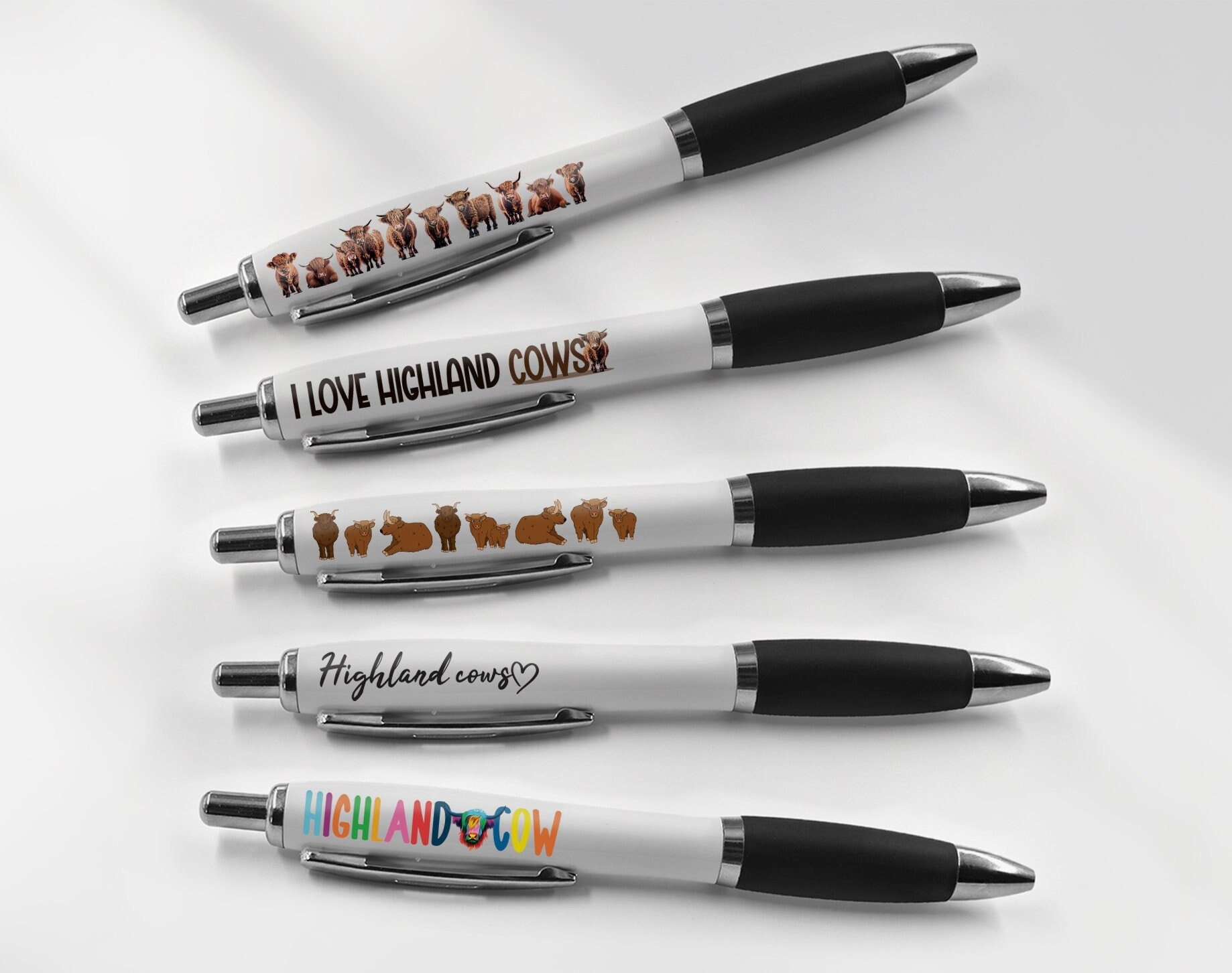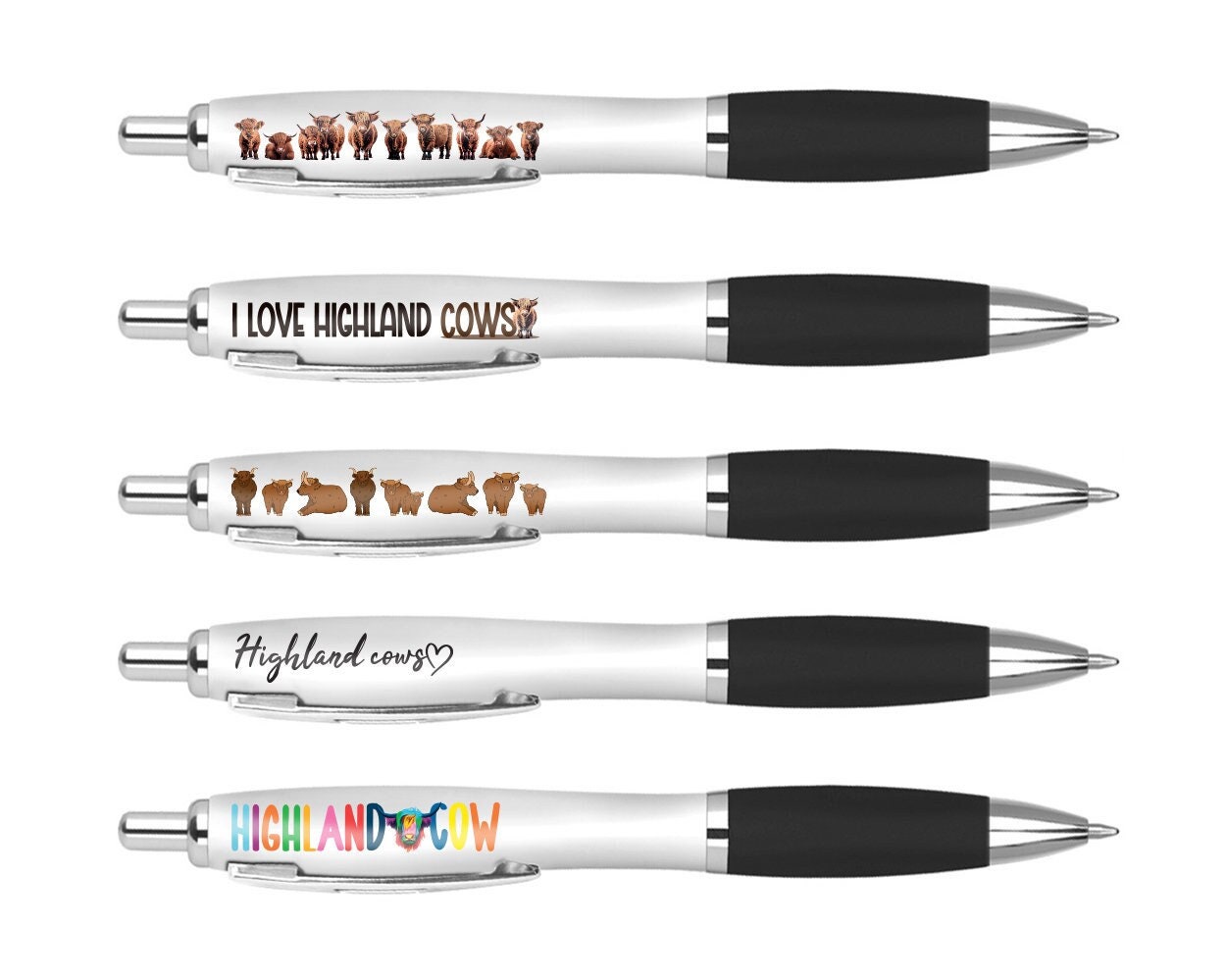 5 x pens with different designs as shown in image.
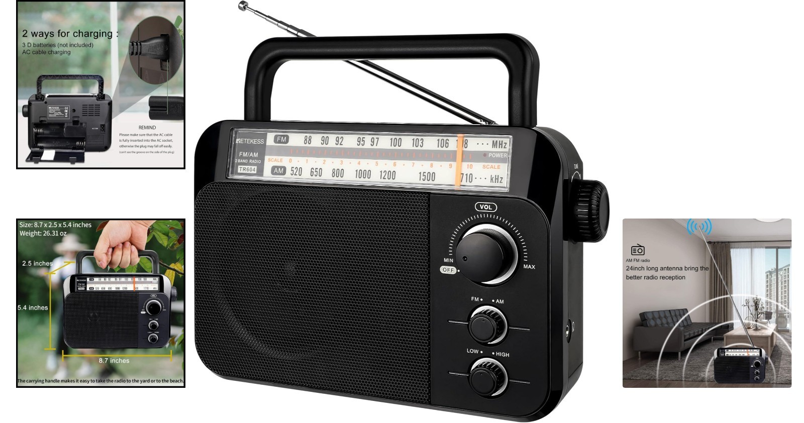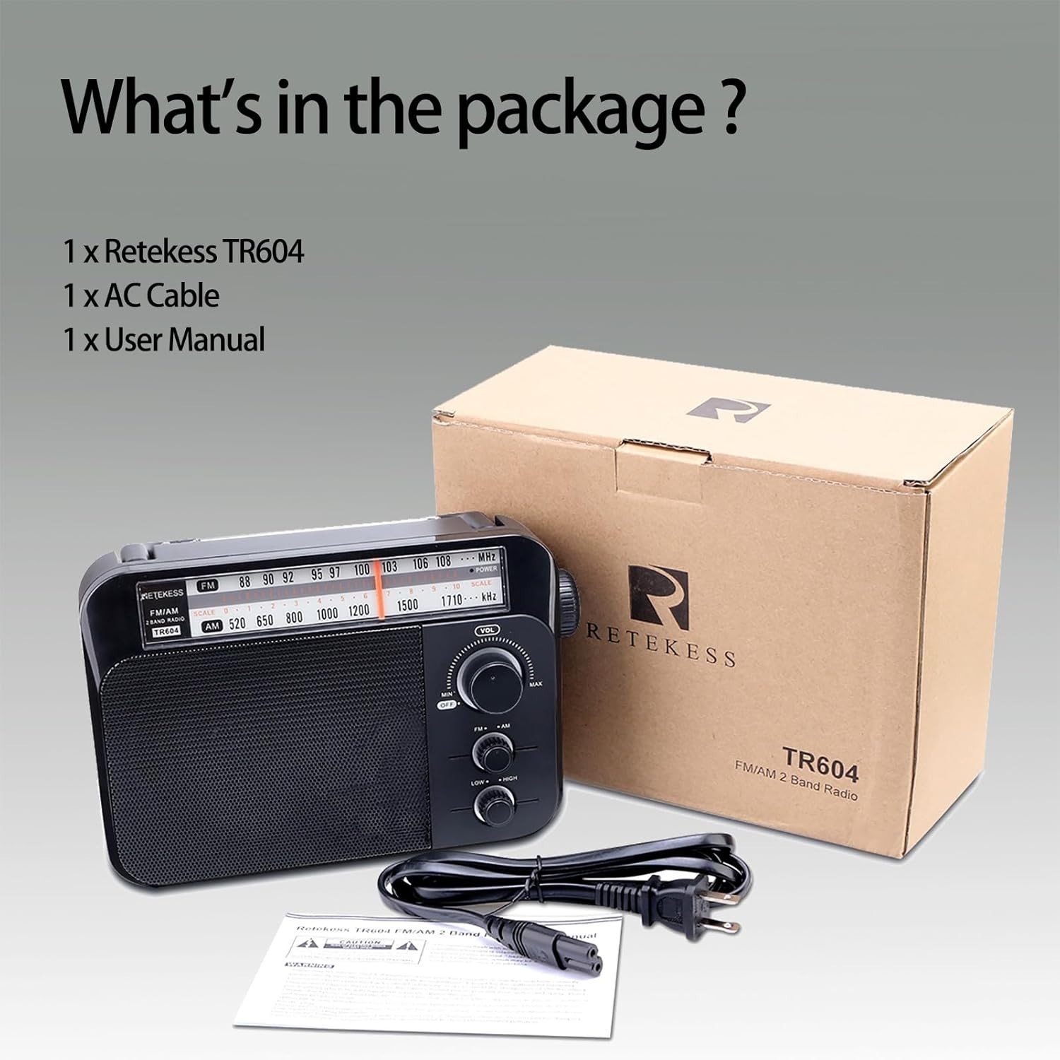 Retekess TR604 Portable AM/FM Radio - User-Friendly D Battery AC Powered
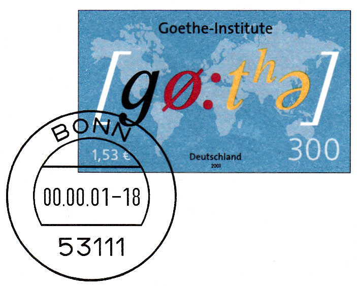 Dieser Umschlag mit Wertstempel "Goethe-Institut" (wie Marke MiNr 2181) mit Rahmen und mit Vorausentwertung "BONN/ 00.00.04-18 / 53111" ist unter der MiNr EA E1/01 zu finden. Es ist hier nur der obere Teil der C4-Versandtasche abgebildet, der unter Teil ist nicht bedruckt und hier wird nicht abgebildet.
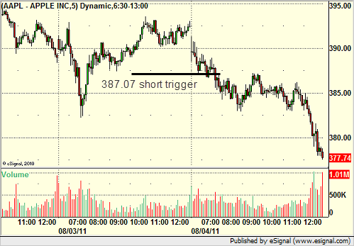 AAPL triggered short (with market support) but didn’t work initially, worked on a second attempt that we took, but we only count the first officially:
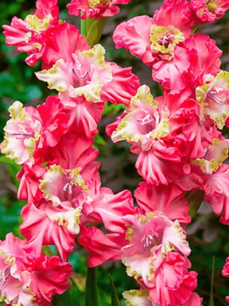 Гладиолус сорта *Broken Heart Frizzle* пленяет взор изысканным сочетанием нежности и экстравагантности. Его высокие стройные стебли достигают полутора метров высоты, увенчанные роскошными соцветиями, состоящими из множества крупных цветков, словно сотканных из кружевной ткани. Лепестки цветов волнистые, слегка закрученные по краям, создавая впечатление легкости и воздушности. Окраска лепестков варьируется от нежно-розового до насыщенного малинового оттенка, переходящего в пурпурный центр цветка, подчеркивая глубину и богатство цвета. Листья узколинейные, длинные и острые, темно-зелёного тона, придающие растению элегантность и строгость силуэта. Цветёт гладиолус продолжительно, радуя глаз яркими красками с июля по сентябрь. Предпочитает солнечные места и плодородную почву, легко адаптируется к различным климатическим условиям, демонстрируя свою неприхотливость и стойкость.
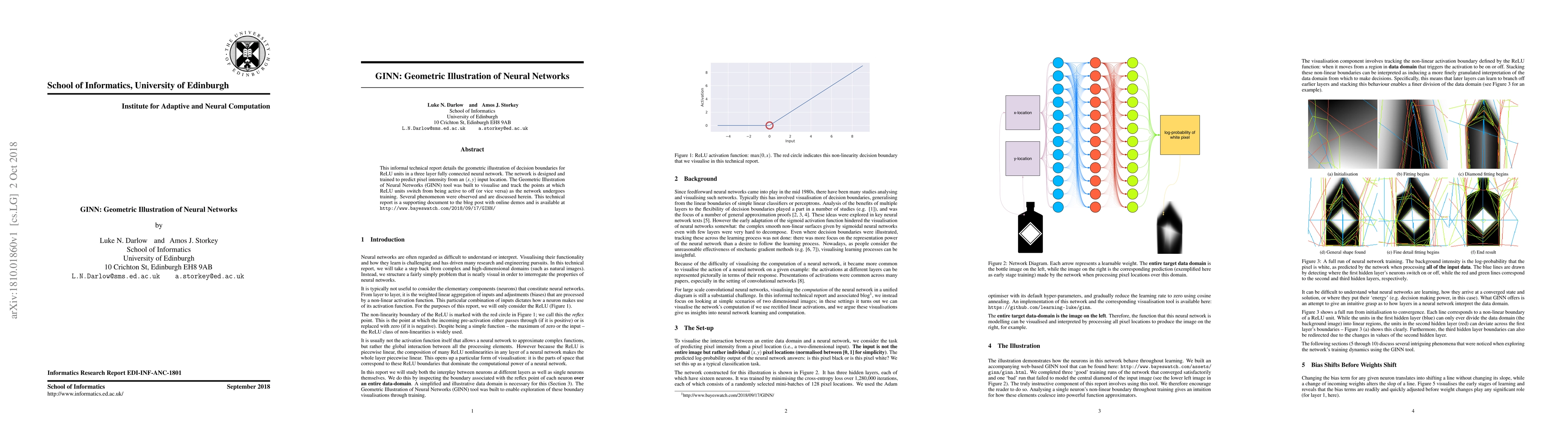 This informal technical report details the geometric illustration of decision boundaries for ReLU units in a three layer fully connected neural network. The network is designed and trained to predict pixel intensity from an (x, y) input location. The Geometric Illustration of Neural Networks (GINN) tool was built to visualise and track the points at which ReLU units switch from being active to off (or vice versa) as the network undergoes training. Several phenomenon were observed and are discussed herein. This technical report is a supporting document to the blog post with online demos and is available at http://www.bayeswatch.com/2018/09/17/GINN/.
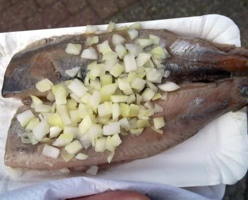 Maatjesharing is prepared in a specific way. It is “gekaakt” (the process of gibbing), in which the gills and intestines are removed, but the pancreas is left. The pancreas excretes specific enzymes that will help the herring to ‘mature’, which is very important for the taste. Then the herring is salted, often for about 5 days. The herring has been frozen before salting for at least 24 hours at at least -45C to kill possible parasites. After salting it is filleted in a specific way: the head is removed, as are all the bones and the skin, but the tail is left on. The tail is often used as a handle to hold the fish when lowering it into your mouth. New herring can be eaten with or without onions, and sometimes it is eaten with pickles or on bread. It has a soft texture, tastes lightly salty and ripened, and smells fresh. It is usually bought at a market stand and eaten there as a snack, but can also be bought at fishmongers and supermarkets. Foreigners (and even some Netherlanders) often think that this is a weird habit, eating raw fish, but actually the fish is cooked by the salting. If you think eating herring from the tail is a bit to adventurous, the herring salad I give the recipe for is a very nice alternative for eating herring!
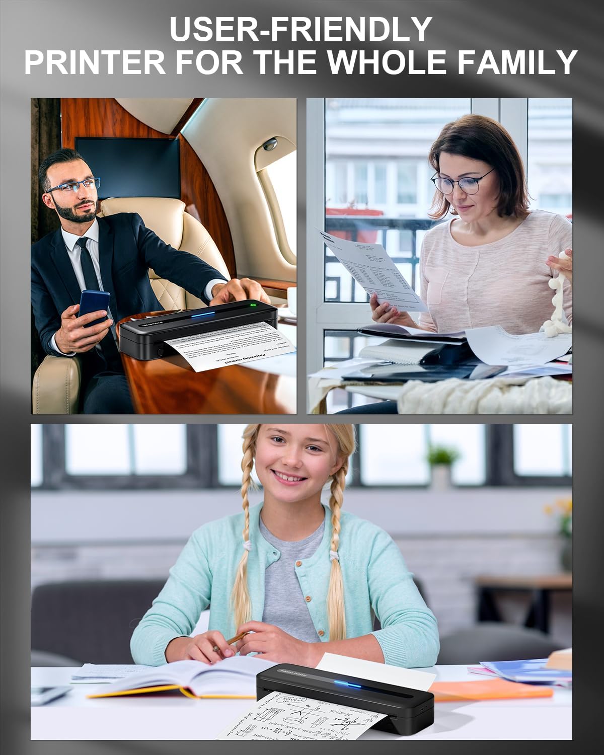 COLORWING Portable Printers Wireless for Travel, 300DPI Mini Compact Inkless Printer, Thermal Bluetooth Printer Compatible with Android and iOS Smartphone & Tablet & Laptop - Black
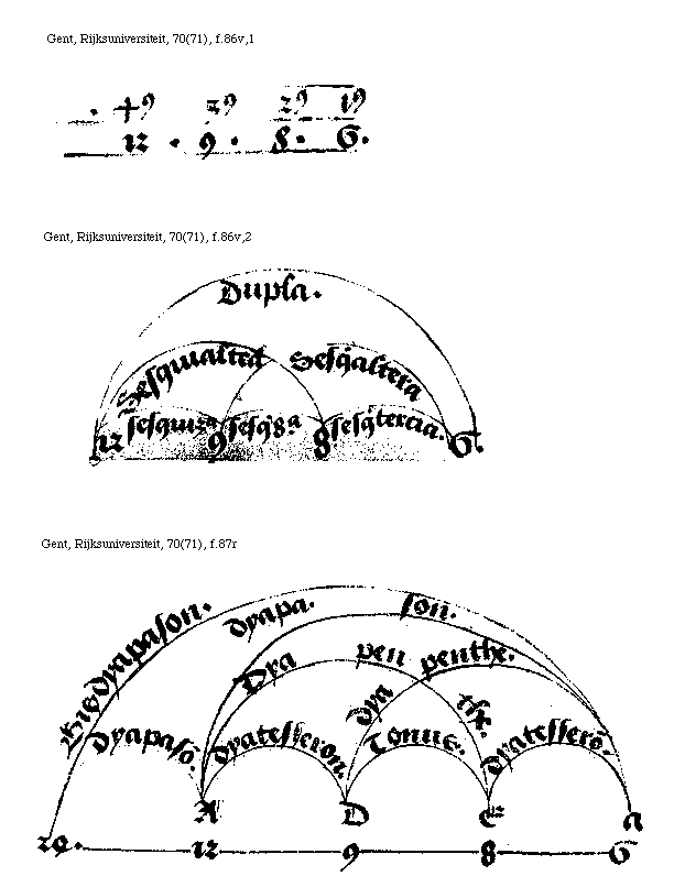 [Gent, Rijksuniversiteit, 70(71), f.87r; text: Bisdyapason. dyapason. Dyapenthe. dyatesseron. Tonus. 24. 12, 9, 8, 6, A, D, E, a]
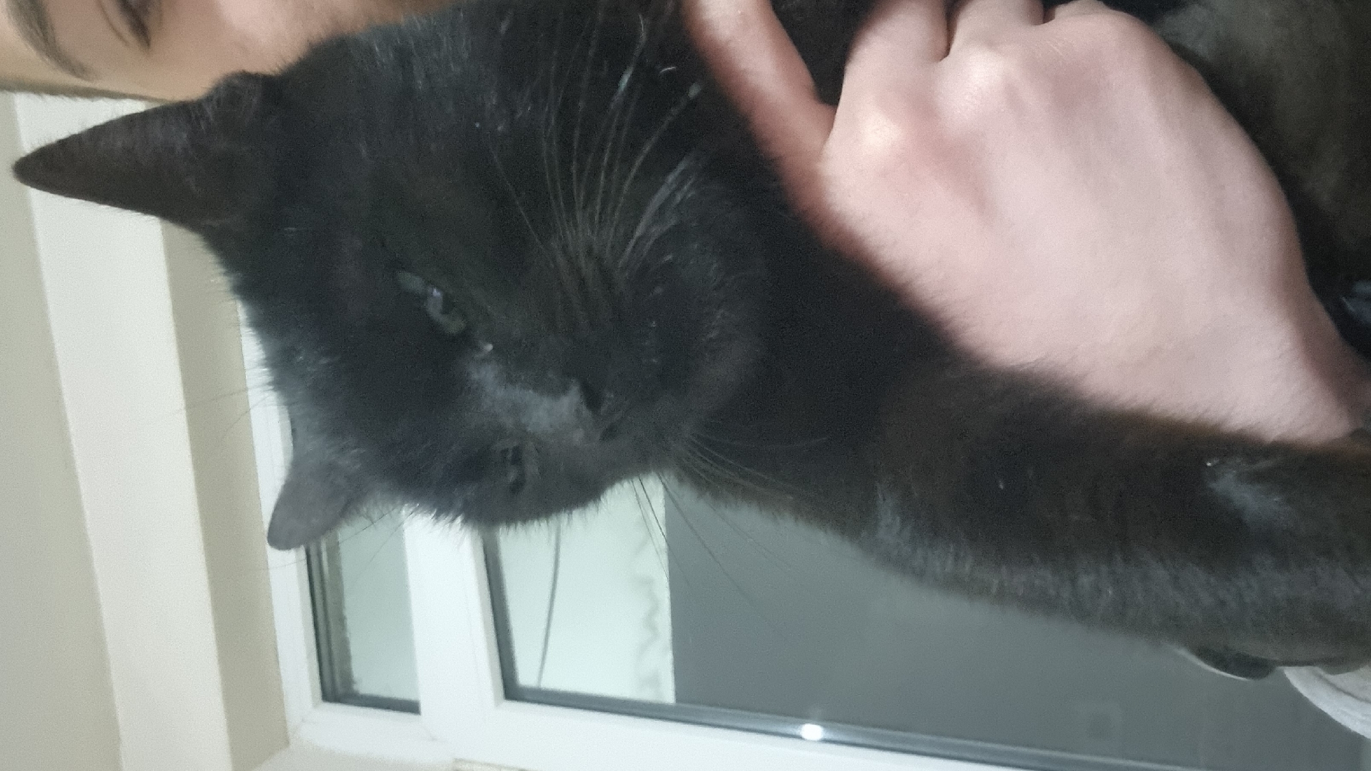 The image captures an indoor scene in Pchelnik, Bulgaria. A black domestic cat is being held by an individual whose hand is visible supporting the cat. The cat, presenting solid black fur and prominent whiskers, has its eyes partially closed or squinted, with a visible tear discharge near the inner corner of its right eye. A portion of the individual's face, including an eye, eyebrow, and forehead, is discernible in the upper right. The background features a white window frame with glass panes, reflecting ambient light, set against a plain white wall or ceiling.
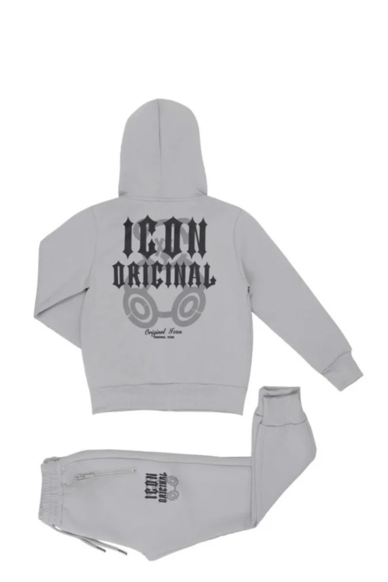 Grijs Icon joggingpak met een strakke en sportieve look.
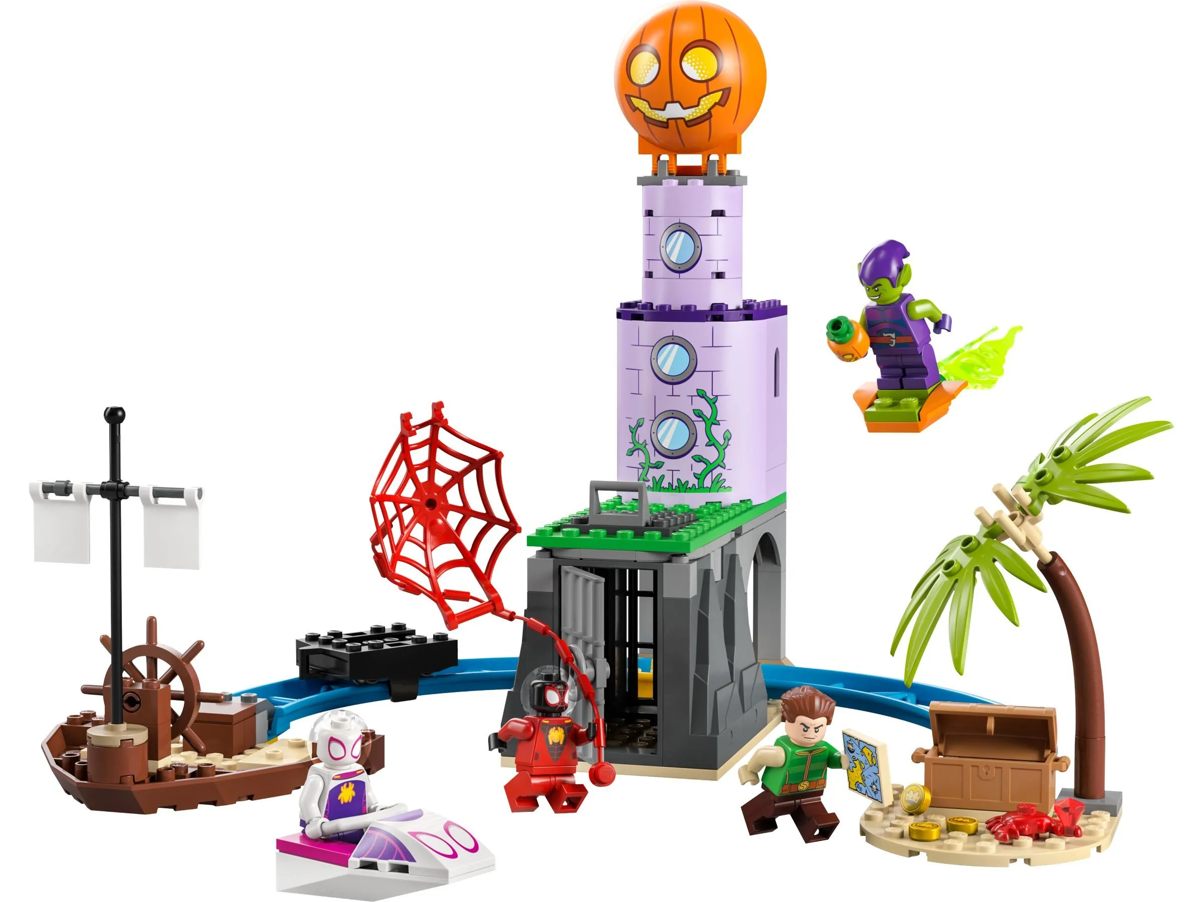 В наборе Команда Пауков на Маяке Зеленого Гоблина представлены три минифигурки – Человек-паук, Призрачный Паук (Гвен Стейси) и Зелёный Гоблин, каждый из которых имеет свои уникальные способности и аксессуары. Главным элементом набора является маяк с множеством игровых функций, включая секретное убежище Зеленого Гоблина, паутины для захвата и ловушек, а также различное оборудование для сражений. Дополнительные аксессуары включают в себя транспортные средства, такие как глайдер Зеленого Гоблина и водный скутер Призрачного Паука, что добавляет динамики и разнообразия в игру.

------------

# DESCRIPTION OF THE TASK:
Each line from the first line of the data above through the one containing "Retekess TR604 Portable" must be set down exactly; the pictures must not be.

# RESPONSE FOR THIS EXERCISE:
 5 x pens with different designs as shown in image.
 Retekess TR604 Portable AM/FM Radio - User-Friendly D Battery AC Powered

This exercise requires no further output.